A l'appui de leur demande, Monsieur et Madame [O] font valoir qu'ils ont constaté un dégât des eaux dans l'appartement situé [Adresse 6] à [Localité 4] dont ils sont propriétaires. Faute d'avoir pu établir un constat avec Monsieur [U] [T], occupant l'appartement situé au-dessus du leur, ni obtenir de sa part les coordonnées de son assureur, ils estiment disposer d'un motif légitime à voir organiser une expertise. La mission qu'ils sollicitent comprend notamment la désignation par le juge d'un huissier pour assister l'expert au cas où Monsieur [T] ne donnerait pas accès à son appartement.
Par ordonnance de référé réputée contradictoire du 17 janvier 2023, la présidente du tribunal judiciaire de Nancy a :
- rejeté la demande d'expertise présentée par Monsieur et Madame [O],
- rejeté leur demande au titre de l'article 700 du code de procédure civile,
- condamné Monsieur et Madame [O] aux dépens.

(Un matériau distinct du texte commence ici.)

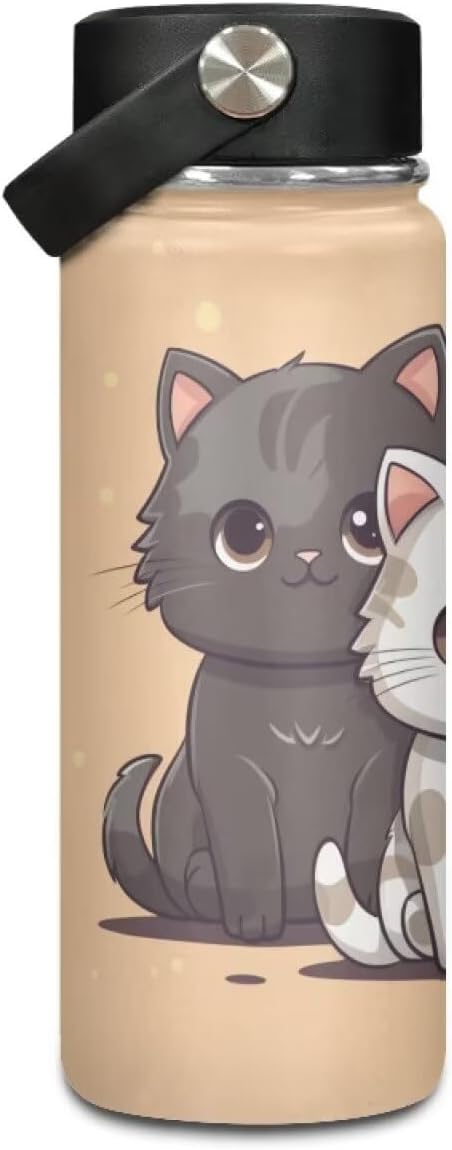 Cat Insulated Water Bottle with Handle Stainless Steel Water Bottle 20 Oz Travel Cup Reusable for Travel Camping Hiking Bike Sports Gym & Office
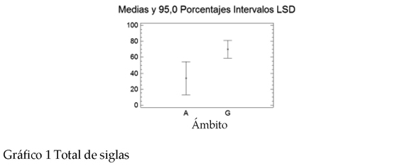 * Total de siglas. Tal y como se ha indicado antes en el análisis descriptivo, la diferencia total de siglas en GH y MA es significativa, es muy poco probable que sea fruto del azar.2 El ANOVA muestra que el número de siglas es superior en GH. El P-valor es 0.0322.

Pour statuer ainsi, la présidente du tribunal a rappelé que s'il ne pouvait être exigé des demandeurs de rapporter la preuve dont la recherche était précisément l'objet de la mesure d'instruction sollicitée, ils devaient à tout le moins démontrer que le litige qui les oppose au défendeur n'est pas dépourvu de toute perspective.
Elle a retenu qu'en l'absence de tout élément objectif établissant, sinon leur qualité de propriétaires, à tout le moins l'existence d'un dégât des eaux et la situation de l'appartement du défendeur par rapport au leur, d'autre part la qualité de propriétaire occupant de Monsieur [T] ou l'existence d'un locataire pouvant être assuré en garantie dégât des eaux, les époux [O] ne justifiaient d'aucun motif légitime à obtenir que soit ordonnée une expertise.
Par déclaration reçue au greffe de la cour, sous la forme électronique, le 7 février 2023, Monsieur et Madame [O] ont relevé appel de cette ordonnance.
Bien que la déclaration d'appel et les conclusions d'appelants lui aient été signifiées le 10 mars 2023 par dépôt en l'étude, Monsieur [T] n'a pas constitué avocat.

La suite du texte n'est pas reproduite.